CVE-ID: CVE-2020-26555

CWE-ID: CWE-284 - Improper Access Control

Exploit availability: No

Description

The vulnerability allows a local attacker to gain unauthorized access to otherwise restricted functionality.

The vulnerability exists due to improper access restrictions within the Bluetooth legacy BR/EDR PIN code pairing. An attacker with physical access can spoof the BD_ADDR of the peer device and complete pairing without knowledge of the PIN.

Mitigation

Install update from vendor's website.

Vulnerable software versions

Google Android: 8.0 2020-12-05 - 11

CPE2.3

• cpe:2.3:o:google:android:8.1:*:*:*:*:*:*:*
• cpe:2.3:o:google:android:9.0:*:*:*:*:*:*:*

External links

https://source.android.com/security/bulletin/2021-06-01

Q & A

Can this vulnerability be exploited remotely?

No. The attacker should have physical access to the system in order to successfully exploit this vulnerability.

Is there known malware, which exploits this vulnerability?

No. We are not aware of malware exploiting this vulnerability.

13) Security features bypass

EUVDB-ID: #VU53579

Risk: Low

CVSSv4.0: 1.3 [CVSS:4.0/AV:A/AC:L/AT:N/PR:N/UI:N/VC:L/VI:L/VA:N/SC:N/SI:N/SA:N/E:U/U:Clear]

CVE-ID: CVE-2020-26558

CWE-ID: CWE-254 - Security Features

Exploit availability: No

Description

The vulnerability allows a remote attacker to compromise the target system.

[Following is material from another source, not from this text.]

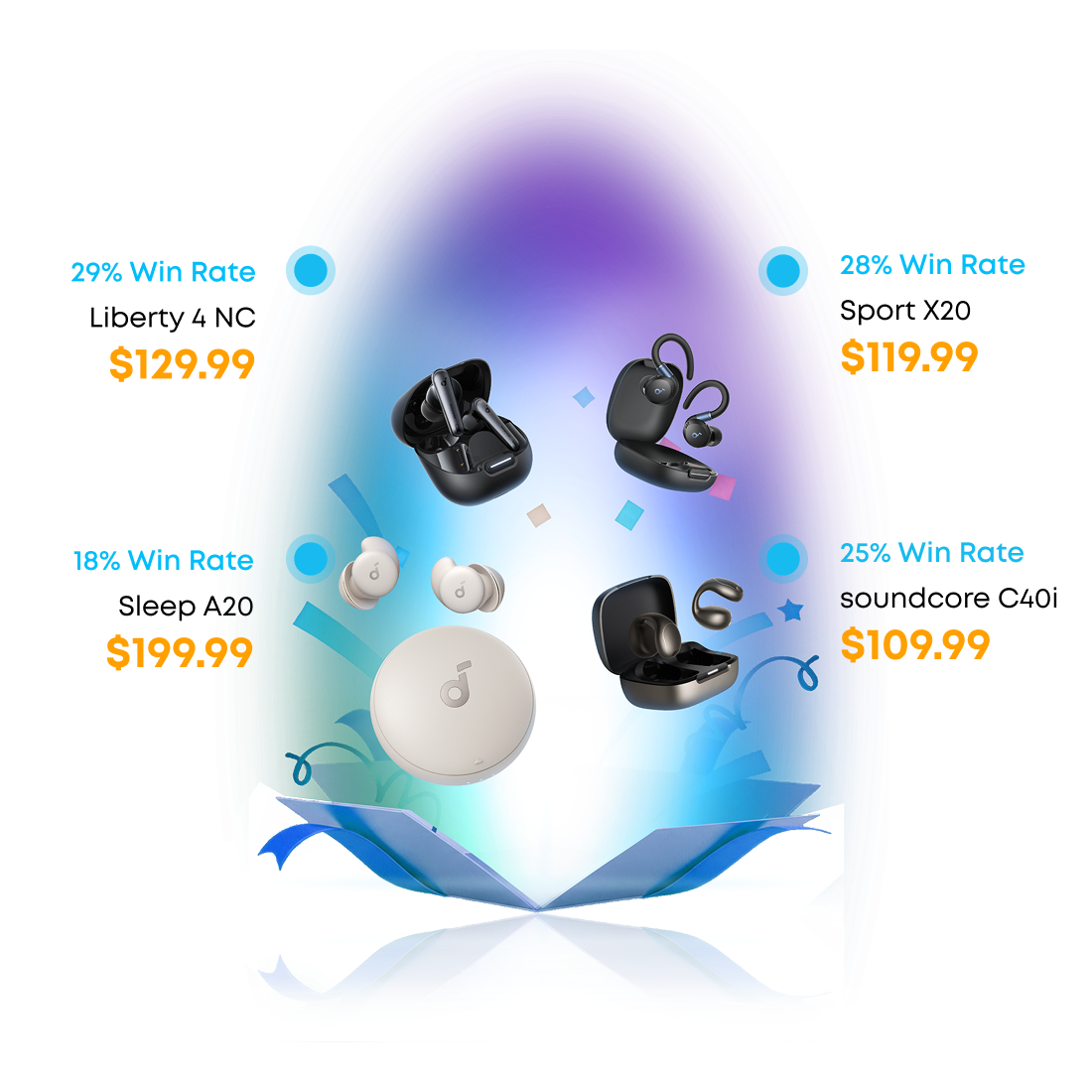 - Mystery box products include: Sleep A20 Earbuds,Liberty 4 NC Earbuds,soundcore C40i Clip-On Earbuds,Sport X20 In-Ear Sport Earbuds with Hook

The vulnerability exists due to an impersonation in the Passkey Entry protocol flaw. A remote attacker on the local network can perform a man-in-the-middle (MITM) attack and impersonate the initiating device without any previous knowledge.

Note: This vulnerability affects the following specifications:

• BR/EDR Secure Simple Pairing in Bluetooth Core Specifications 2.1 through 5.2
• BR/EDR Secure Connections Pairing in Bluetooth Core Specifications 4.1 through 5.2 
• LE Secure Connections Pairing in Bluetooth Core Specifications 4.2 through 5.2

Mitigation

Install update from vendor's website.

Vulnerable software versions

Google Android: 8.0 2020-12-05 - 11

CPE2.3

• cpe:2.3:o:google:android:8.1:*:*:*:*:*:*:*
• cpe:2.3:o:google:android:9.0:*:*:*:*:*:*:*

External links

https://source.android.com/security/bulletin/2021-06-01

Q & A

Can this vulnerability be exploited remotely?

Yes. This vulnerability can be exploited by a remote non-authenticated attacker via the local network (LAN).

Is there known malware, which exploits this vulnerability?

No. We are not aware of malware exploiting this vulnerability.